**TASK INPUTS**
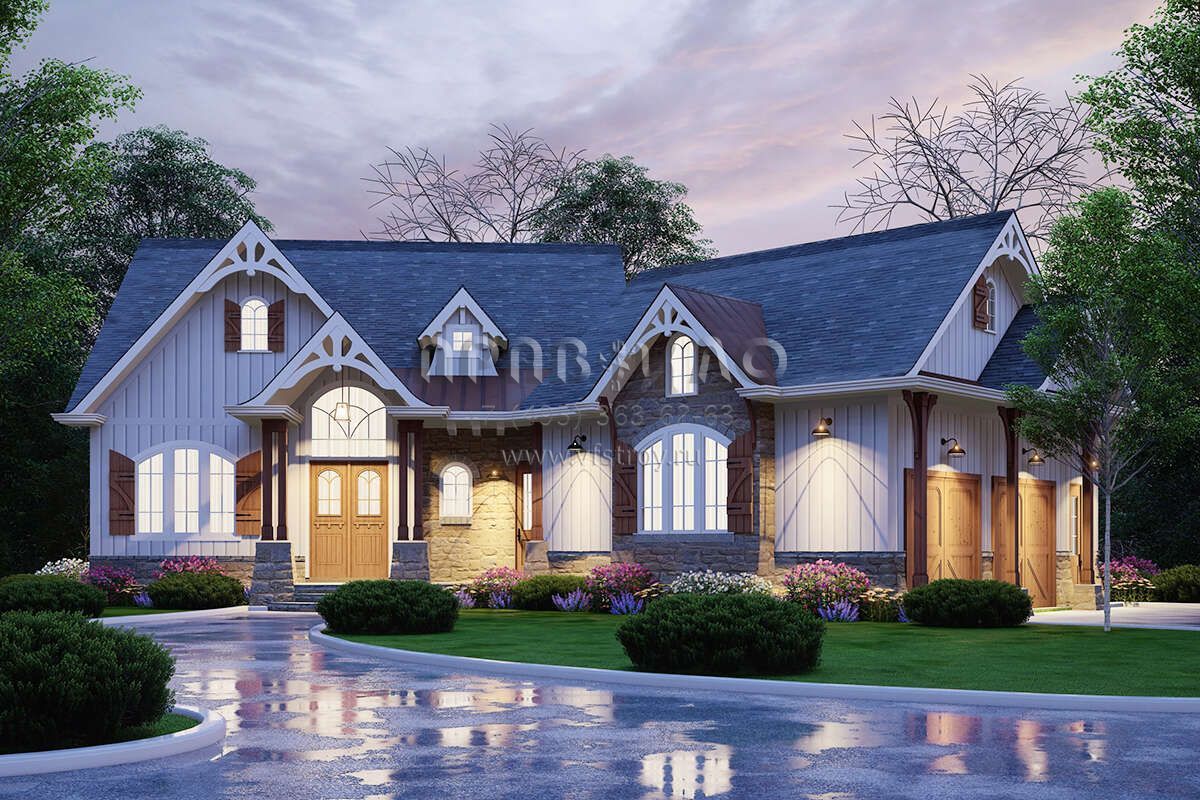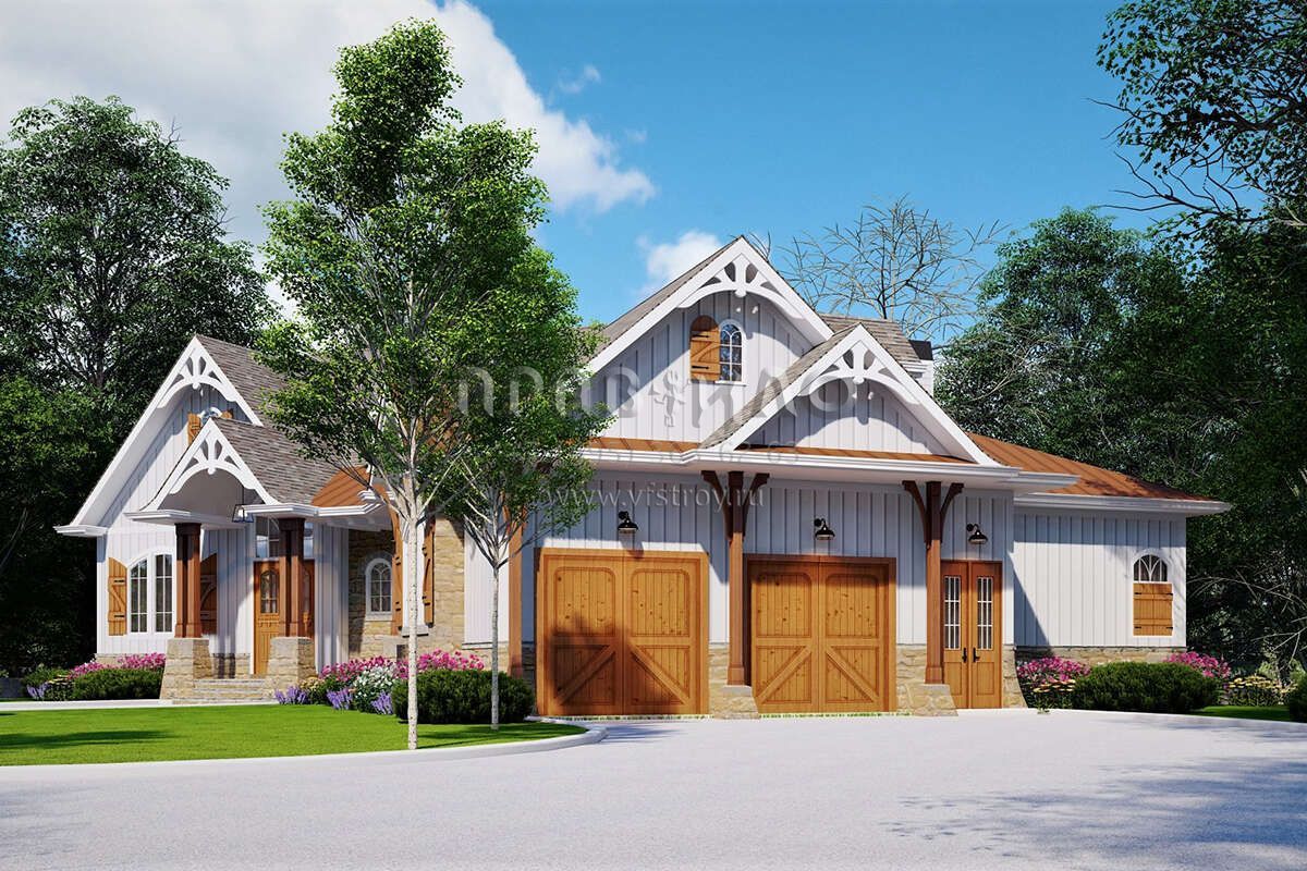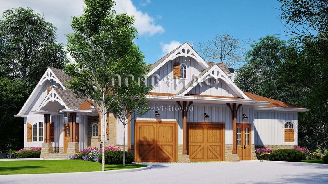 Проект одноэтажного дома с гаражом на две машины в стиле Шале S5-233 (699-00037)
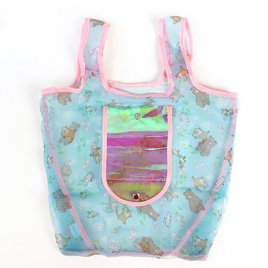 エコバッグには珍しく、オーガンジー素材のエコバッグが登場です。パステルブルーのバッグにカワウソたちのキュートなデザインとともに、ピンクのパイピングが施されたゆめかわ系アイテム♡
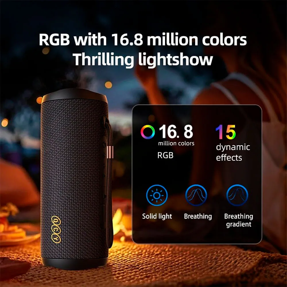 Förutom dess IPX7-vattentålighet utmärker sig högtalarens design för sin RGB-belysning, med 15 olika effekter som synkroniseras till musikens rytm via QCY-appen, idealisk för att liva upp dina fester.
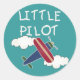An airplane flying through the clouds and text that reads "Little Pilot" on airplane themed cards, t-shirts, and more, great for kids who love planes and flying!
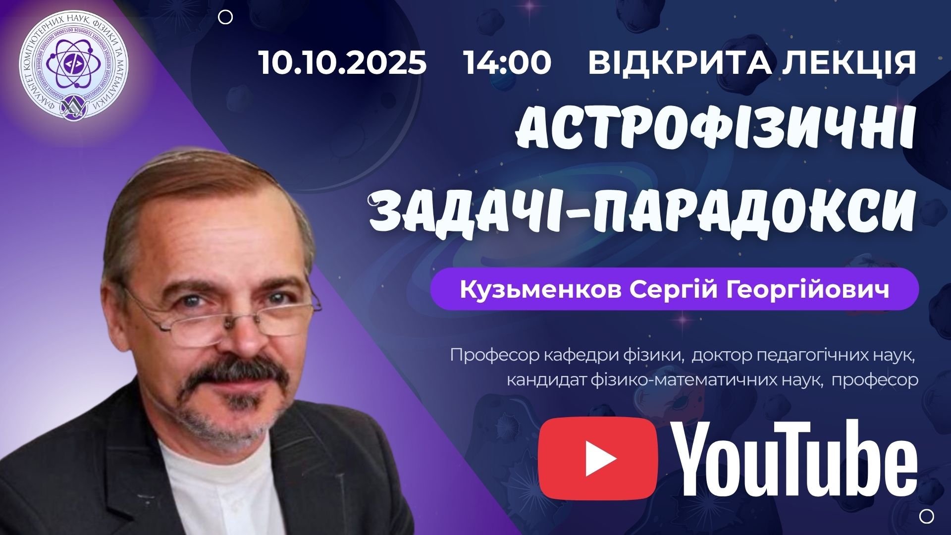 10 жовтня 2025 року на факультеті комп'ютерних наук, фізики та математики відбулася Відкрита лекція «Астрофізичні задачі-парадокси». Захід, який проходив у форматі онлайн-зустрічі, зібрав викладачів, студентів ХДУ, а також учнів і педагогів зокрема Херсонського наукового ліцею.
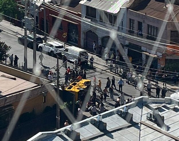 Carabineros detalló que el hecho ocurrió en Santos Dumont con Humorista Carlos Helo, donde el vehículo que transportaba a seis estudiantes resultó volcado tras el impacto.
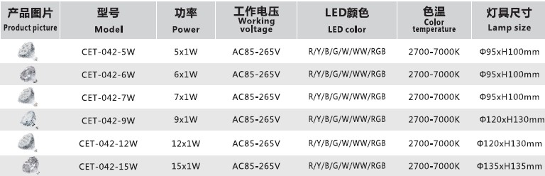 CET-042 5-15W大功率灯杯

**EXERCISE DESCRIPTION**
Return to the listing above and set it down exactly, leaving out its pictures.

**WRITTEN SOLUTION**
 Проект одноэтажного дома с гаражом на две машины в стиле Шале S5-233 (699-00037)
 エコバッグには珍しく、オーガンジー素材のエコバッグが登場です。パステルブルーのバッグにカワウソたちのキュートなデザインとともに、ピンクのパイピングが施されたゆめかわ系アイテム♡
 Förutom dess IPX7-vattentålighet utmärker sig högtalarens design för sin RGB-belysning, med 15 olika effekter som synkroniseras till musikens rytm via QCY-appen, idealisk för att liva upp dina fester.
An airplane flying through the clouds and text that reads "Little Pilot" on airplane themed cards, t-shirts, and more, great for kids who love planes and flying!
 10 жовтня 2025 року на факультеті комп'ютерних наук, фізики та математики відбулася Відкрита лекція «Астрофізичні задачі-парадокси». Захід, який проходив у форматі онлайн-зустрічі, зібрав викладачів, студентів ХДУ, а також учнів і педагогів зокрема Херсонського наукового ліцею.
 Carabineros detalló que el hecho ocurrió en Santos Dumont con Humorista Carlos Helo, donde el vehículo que transportaba a seis estudiantes resultó volcado tras el impacto.
 CET-042 5-15W大功率灯杯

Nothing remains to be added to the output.